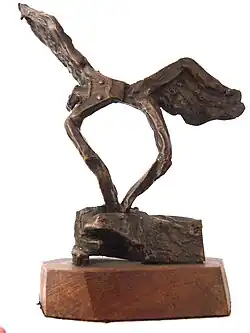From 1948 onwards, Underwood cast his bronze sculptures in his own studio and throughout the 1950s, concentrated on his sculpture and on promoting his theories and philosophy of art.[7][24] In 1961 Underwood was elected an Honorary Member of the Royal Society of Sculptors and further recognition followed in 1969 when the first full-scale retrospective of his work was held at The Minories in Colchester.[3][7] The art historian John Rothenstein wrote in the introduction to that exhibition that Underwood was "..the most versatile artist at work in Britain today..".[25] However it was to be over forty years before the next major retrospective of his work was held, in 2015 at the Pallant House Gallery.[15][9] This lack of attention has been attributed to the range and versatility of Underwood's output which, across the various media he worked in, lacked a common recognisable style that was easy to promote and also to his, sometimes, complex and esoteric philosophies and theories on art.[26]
◆ ◆ ◆ ◆
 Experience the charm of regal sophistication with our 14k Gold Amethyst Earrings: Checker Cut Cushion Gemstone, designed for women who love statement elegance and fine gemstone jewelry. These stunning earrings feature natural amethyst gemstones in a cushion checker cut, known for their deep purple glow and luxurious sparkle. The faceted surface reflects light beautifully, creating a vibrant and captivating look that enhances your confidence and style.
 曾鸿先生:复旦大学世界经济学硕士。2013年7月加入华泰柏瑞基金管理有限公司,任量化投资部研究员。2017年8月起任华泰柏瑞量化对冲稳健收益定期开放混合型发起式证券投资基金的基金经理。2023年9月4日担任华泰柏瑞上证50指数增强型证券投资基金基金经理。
◆ ◆ ◆ ◆
What to produce
I'd like the lines above from the one with "Experience the charm" up to and including the one with "曾鸿先生:复旦大学世界经济学" copied exactly, with no other lines.

Task output
 Experience the charm of regal sophistication with our 14k Gold Amethyst Earrings: Checker Cut Cushion Gemstone, designed for women who love statement elegance and fine gemstone jewelry. These stunning earrings feature natural amethyst gemstones in a cushion checker cut, known for their deep purple glow and luxurious sparkle. The faceted surface reflects light beautifully, creating a vibrant and captivating look that enhances your confidence and style.
 曾鸿先生:复旦大学世界经济学硕士。2013年7月加入华泰柏瑞基金管理有限公司,任量化投资部研究员。2017年8月起任华泰柏瑞量化对冲稳健收益定期开放混合型发起式证券投资基金的基金经理。2023年9月4日担任华泰柏瑞上证50指数增强型证券投资基金基金经理。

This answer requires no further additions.